06:42 <_whitenotifier-1> [scopehal-apps] azonenberg 9f5f998 - Initial serialization work on trigger groups (and manage instruments dialog). Fixes #607.

06:42 <_whitenotifier-1> [scopehal-apps] azonenberg closed issue #607: Serialization support for trigger groups - https://github.com/glscopeclient/scopehal-apps/issues/607

07:40 bvernoux has joined #scopehal

08:26 bvernoux has quit [Read error: Connection reset by peer]

14:11 sgstair has quit [Server closed connection]

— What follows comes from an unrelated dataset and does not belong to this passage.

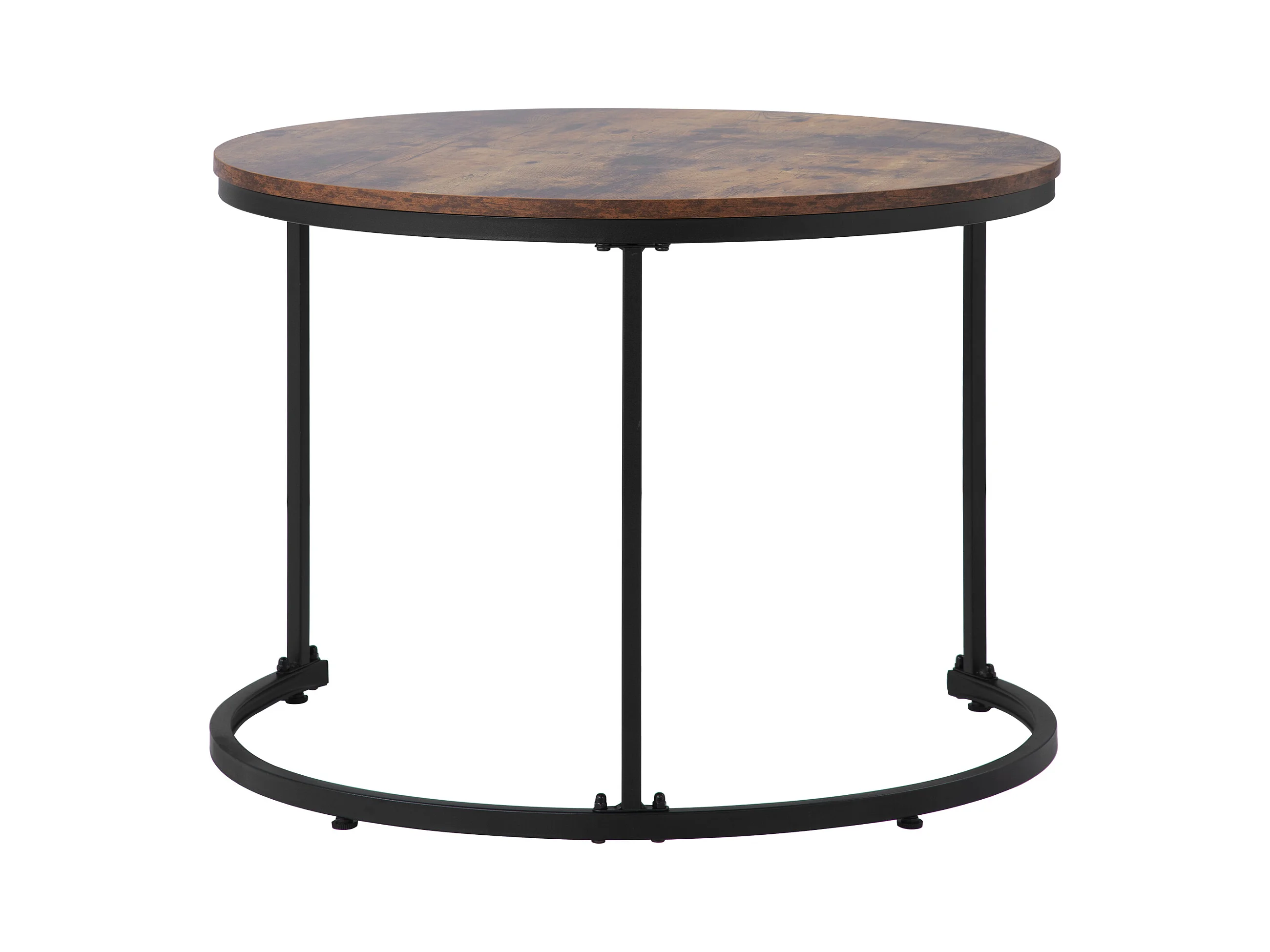 Lot de 2 tables basses gigognes rondes woodgrain marron, cadre en métal noir

14:11 sgstair has joined #scopehal

19:52 bvernoux has joined #scopehal

20:09 <d1b2> <246tnt> I just switched my RX570 for a RX6600 and now I can run ngscopehal without kernel panic 😁

20:10 <d1b2> <246tnt> Also doesn't crash when zooming out 🤔

20:15 <t4nk_freenode> hey, @246tnt ... I had the same thing with my rx580 last time I tried, haven't dared trying again since, since I like to keep my machine alive ;)

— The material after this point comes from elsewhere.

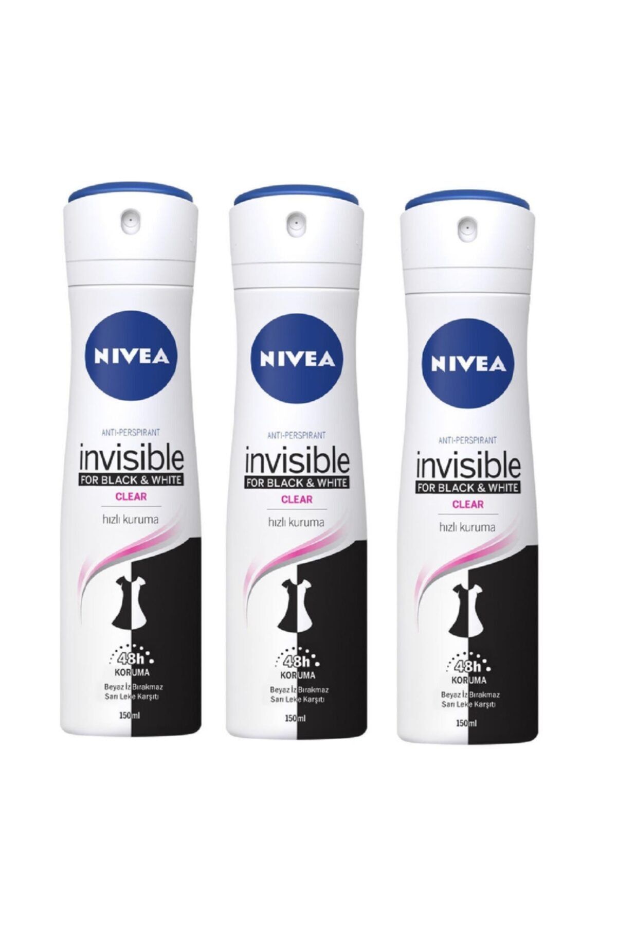 NIVEA DEODORANT SPREY 150ML BLACK&WHITE CLEAR WOMEN X3

20:16 <t4nk_freenode> I was just about to ask how things were in this regard, but apparently the issues still exist

20:16 <d1b2> <246tnt> Yeah, me too, I tried a couple of times with that card, but didn't try to debug it much.

20:17 <t4nk_freenode> how's that rx6600 for you? is it much better than the rx570?

20:17 <d1b2> <246tnt> To be fair, I had fairly old distro ( 20.04 ) so kernel ( drm ) and mesa ( radv vulkan driver ) werent very fresh so maybe it would work with more recent ones but ...

20:18 <t4nk_freenode> no man, I'm using gentoo with the latest of everything and I had the same

20:18 <d1b2> <246tnt> I literally put it in the PC like 3h ago and just finished upgrading the OS a bit so that I can actually use it, so don't have much impression yet 😅

20:18 <azonenberg> well we also fixed a bunch of bugs around AMD stuff recently

20:18 <d1b2> <david.rysk> userspace shouldn't be causing panics

20:19 <d1b2> <david.rysk> I feel like upstream would be interested in that

20:19 <d1b2> <246tnt> Well, I couldn't report anything because with versions I was running all that upstream would say is "update" and then report 😅

20:19 <d1b2> <david.rysk> there are PPAs available with updated versions for ubuntu, I'm pretty sure

20:39 <d1b2> <246tnt> yeah, most didn't go back to 18.04 even the kernel was a problem to update because of libc deps. Believe me, before I upgraded to 20.04 I tried some option to avoid that because I didn't have enough disk space for the update so I had to move to another drive which was a pain ...

20:52 t4nk_freenode is now known as t4nk_fn

21:02 <_whitenotifier-1> [scopehal] azonenberg pushed 1 commit to master [+0/-0/±3] https://github.com/glscopeclient/scopehal/compare/39aff5824827...956152729151

21:02 <_whitenotifier-1> [scopehal] azonenberg 9561527 - SubtractFilter: correctly handle trigger phase offset as long as sample rates are equal. Fixes #609.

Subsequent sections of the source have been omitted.